Und doch, an der Silbentrennung wird ständig weiter gefeilt, weil hier TeX noch nicht perfekt ist. Einige Sachen werden falsch getrennt, andere ragen leicht über den Rand hinaus, weil TeX es nicht trennen will.

Und bei LaTeX passiert das wie gesagt, sehr häufig. Das sind schließlich nur Makros von ganz normalen Programmierern. Beim letzten Update von TeX Live 2007 auf TeX Live 2009 hat sich das Verhalten des Paketes "textpos" http://ctan.org/pkg/textpos geändert, was die Reihenfolge von überlagerten Boxen anging. War auch unschön.

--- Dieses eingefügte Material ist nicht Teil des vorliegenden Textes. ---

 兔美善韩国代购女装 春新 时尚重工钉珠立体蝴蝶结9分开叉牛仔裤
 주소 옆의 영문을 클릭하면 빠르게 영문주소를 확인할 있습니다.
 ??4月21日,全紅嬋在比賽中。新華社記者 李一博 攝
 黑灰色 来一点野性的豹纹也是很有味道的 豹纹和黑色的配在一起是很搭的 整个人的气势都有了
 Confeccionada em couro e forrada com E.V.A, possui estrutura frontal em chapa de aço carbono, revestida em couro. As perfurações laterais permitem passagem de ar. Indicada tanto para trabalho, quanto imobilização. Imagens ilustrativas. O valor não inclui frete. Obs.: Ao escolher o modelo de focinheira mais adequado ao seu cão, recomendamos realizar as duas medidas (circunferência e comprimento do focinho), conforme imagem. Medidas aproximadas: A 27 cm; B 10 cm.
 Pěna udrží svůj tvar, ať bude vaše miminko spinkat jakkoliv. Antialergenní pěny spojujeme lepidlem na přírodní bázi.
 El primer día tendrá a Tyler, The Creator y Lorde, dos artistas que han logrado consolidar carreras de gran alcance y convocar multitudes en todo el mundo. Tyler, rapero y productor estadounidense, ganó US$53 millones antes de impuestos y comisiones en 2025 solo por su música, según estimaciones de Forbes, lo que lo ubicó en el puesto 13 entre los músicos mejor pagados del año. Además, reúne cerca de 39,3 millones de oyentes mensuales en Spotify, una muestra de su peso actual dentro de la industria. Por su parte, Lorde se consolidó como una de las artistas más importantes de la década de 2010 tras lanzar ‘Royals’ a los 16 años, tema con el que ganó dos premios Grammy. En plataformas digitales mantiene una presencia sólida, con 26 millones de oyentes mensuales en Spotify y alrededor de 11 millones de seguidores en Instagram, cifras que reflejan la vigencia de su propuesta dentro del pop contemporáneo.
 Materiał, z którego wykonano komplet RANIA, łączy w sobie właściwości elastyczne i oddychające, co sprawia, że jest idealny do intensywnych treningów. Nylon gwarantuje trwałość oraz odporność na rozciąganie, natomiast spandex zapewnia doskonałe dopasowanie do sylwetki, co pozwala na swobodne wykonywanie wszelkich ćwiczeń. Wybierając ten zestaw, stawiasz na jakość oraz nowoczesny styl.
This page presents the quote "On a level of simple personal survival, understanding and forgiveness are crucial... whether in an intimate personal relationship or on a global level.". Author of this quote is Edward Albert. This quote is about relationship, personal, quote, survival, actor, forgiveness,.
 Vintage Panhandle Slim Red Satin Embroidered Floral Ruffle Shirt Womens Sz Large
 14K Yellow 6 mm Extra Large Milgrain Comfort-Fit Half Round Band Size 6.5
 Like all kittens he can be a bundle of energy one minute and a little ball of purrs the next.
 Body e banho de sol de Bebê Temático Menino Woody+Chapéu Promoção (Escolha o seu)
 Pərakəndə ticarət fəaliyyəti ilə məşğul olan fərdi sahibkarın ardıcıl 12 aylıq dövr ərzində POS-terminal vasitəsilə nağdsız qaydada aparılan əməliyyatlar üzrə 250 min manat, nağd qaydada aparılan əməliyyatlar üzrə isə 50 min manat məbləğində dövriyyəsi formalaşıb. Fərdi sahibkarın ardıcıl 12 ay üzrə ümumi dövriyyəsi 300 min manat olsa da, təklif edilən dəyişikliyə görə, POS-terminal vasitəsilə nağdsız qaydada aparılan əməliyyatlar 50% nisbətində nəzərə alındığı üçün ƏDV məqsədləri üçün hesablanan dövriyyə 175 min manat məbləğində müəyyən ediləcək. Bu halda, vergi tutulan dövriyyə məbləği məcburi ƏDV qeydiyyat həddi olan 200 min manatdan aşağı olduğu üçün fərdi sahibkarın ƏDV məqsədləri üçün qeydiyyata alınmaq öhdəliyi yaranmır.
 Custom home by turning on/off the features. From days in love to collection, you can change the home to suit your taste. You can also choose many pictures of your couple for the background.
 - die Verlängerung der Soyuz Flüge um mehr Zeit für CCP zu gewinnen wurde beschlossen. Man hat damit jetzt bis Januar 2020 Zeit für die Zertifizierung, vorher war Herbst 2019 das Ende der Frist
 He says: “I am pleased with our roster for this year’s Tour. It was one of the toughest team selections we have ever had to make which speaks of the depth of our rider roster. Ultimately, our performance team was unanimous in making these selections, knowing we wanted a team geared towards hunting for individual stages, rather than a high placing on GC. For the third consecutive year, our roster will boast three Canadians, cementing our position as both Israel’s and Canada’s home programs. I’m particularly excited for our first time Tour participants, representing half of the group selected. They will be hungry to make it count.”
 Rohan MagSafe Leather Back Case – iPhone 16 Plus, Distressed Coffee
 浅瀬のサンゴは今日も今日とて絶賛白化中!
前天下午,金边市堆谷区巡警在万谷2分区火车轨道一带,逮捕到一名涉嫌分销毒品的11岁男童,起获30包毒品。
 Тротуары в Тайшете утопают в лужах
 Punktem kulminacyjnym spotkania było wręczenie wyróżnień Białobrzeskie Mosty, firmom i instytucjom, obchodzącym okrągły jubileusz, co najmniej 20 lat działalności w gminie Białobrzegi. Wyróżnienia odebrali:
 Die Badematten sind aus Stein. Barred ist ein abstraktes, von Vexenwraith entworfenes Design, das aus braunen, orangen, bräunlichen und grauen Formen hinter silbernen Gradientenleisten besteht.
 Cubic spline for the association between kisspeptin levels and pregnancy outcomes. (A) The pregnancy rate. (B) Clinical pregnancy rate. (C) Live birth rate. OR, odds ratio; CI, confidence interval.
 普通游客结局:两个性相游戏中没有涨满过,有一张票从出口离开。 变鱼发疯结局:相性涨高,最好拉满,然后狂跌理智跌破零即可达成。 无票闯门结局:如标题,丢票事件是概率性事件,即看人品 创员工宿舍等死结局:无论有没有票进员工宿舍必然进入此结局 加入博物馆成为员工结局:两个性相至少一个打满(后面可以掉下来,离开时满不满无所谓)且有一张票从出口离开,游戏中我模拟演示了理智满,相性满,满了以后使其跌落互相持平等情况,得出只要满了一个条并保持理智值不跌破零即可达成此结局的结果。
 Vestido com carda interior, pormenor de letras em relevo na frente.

In einem größerem Projekt ist man also ständig davon betroffen. Daher wechsel ich die LaTeX-Distribution (Version) nicht so oft.

Dirk Deimeke am :

Ich hatte mit dem Übersetzen des Adminbuchs unter Sabayon auch Probleme. Die Lösung war hier auch ältere Style-Files ins "Compile-Verzeichnis" zu kopieren.

Diese Situation ist nicht zufriedenstellend.

Jochen Schnelle am :

Ja, die Rückwärtskompatibilität... Grundsätzlich halte ich die auch für sinnvoll. Wobei die zu lange zu halten auch hinderlich sein kann - siehe z.B. Windows, was bestimmte Sachen viel zu lange mitgeschleppt hat.

Natürlich kann man auch mit Rückwärtskompatibilität brechen - dann aber bitte explizit und richtig. So "schleichend" wie hier im Beispiel ist das natürlich Mist.

Dirk Deimeke am :

Gebe Dir Recht, aber die Frage ist, wie Du das "nicht schleichend" machen willst. Ich kenne niemanden, der bei Update seines Betriebssystems alle Pakete anschaut, um herauszufinden, was sich geändert hat.

Und ich kenne kaum Leute, die sich alle Warnings eines LaTeX-Laufes durchlesen und sie versuchen zu minimieren.